The exhibition includes works in the forms of ink on paper and silk, woodblock prints, illustrations, cartoons, animation, video, sculpture, graffiti, etc. In addition to the recent or new works by invited foreign and domestic artists, there is also a loan collection of more than a hundred prints from Tianjin Yang Qingliu, Suzhou Tao Huawu, Japanese Ukiyo-e prints, etc, from several collectors and organizations, as well as more than then sixteen hundred contemporary comic illustrations.

Nov 19, Maki Fukuoka

Maki Fukuoka

Assistant Professor, Asian Languages and Cultures
University of Michigan

Friday, November 19, 4- 6 pm
CWAC 156

Site of transformation: Asakusa, Photographic Studios, and Media in Modern Japan

Abstract:

In the early days of Japan’s photographic history, the area known as Asakusa in the capital Tokyo became the hotspot for photographic studios. There, famous photographers such as Uchida Kyuichi, Kitaniwa Tsukuba, and Ezaki Reiji all opened their studios, and by the early 1880s, nearly forty studios congregated in this small area surrounding the landmark Asakusa Senso-ji Temple. Studios took portraits of the customers and also sold portraits of famous actors and courtesans who used these images to compete against one another. The photographic portraits taken at the studios in Asakusa and other photographic products convey the transformative aspects of portrait photography from this period.

But Asakusa had also been a unique area just a few decades before the studios were set up: the area was filled with street performances, spectacle shows, and noisy crowds. Did this play a role in attracting photographers to Asakusa? What made Asakusa a suitable place for this new enterprise, and what made it possible to sustain such an abundance of studios?
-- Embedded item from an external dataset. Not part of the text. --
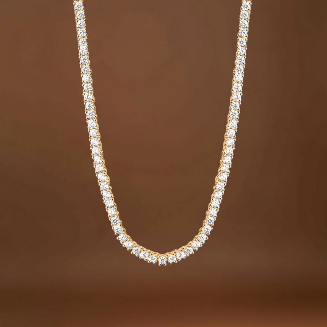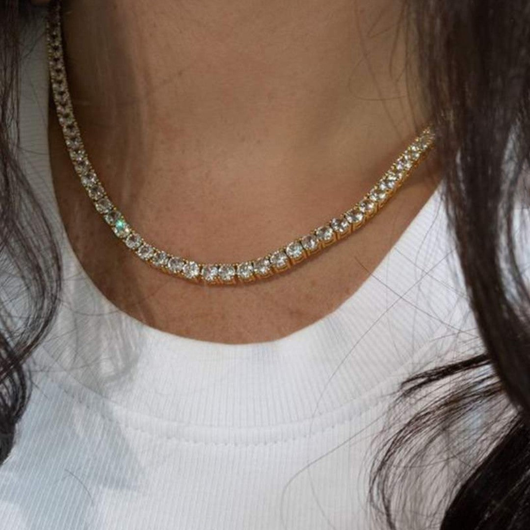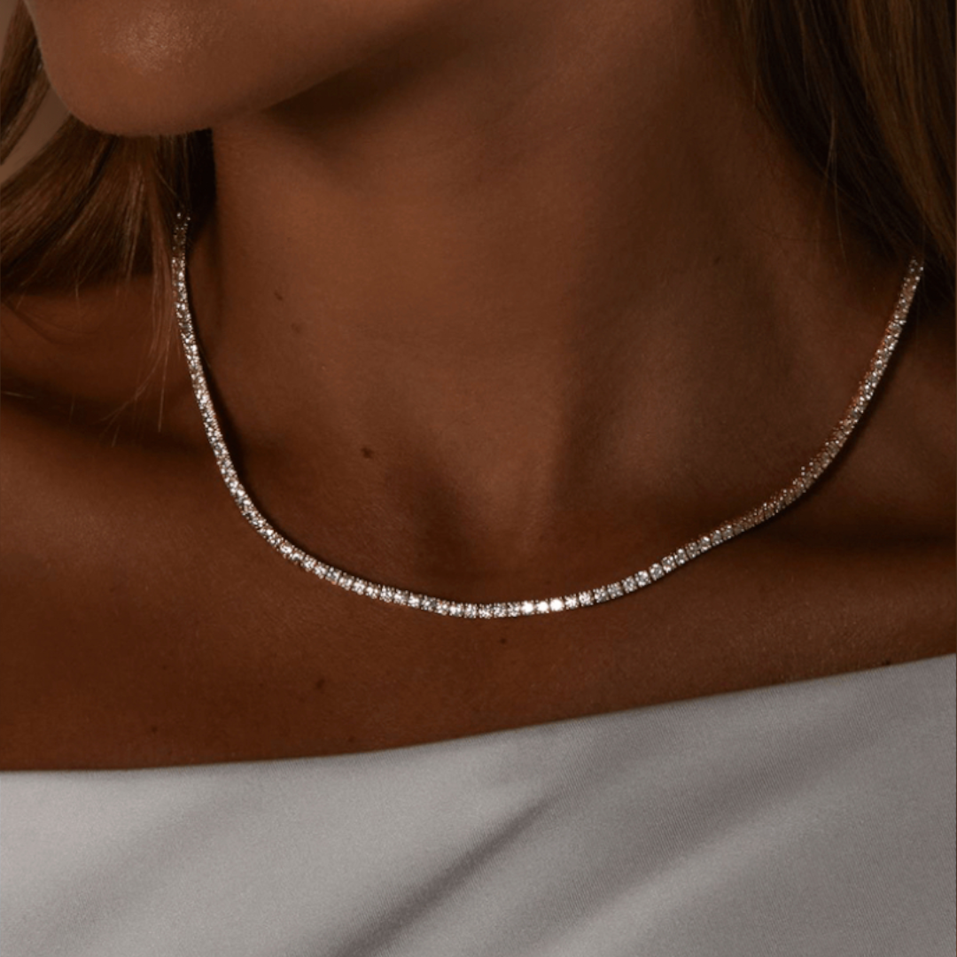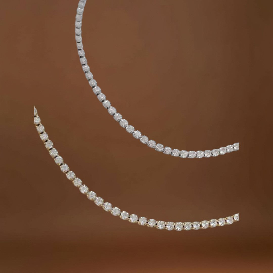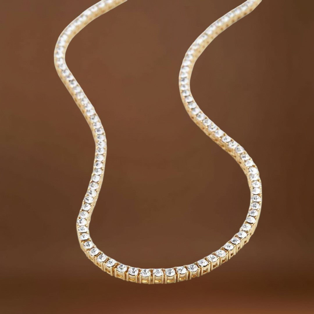 Adj egy csipetnyi luxust a Riviéra Nyaklánccal, 14 karátos arany bevonattal. Ez a kifinomult darab egy folyamatos vonalat mutat be csillogó kövekből, lenyűgöző és elegáns hatást keltve. Tökéletes bármilyen alkalomra, klasszikus és fényűző érintést adva, hogy felemelje a stílusodat.

This paper explores the historical interconnection between the area of Asakusa and the practices of the photographic studios from the late nineteenth century Tokyo. It analyses the photographic studios in Asakusa as one thread in an intricate fabric that comprised the dynamic, lively, sometimes eccentric, and always innovative area of Asakusa. This paper proposes photographic studios as a burgeoning business practice that responded to, and was shaped by, the particular transformative sense that defined Asakusa. Incorporating newspaper articles, advertisements, and accounts by Asakusa residents, this project aims to explore how the photographic studios aligned themselves within the spaces of transformation, and how the strong presence of photographic studios themselves might have challenged the neighborhood of Asakusa.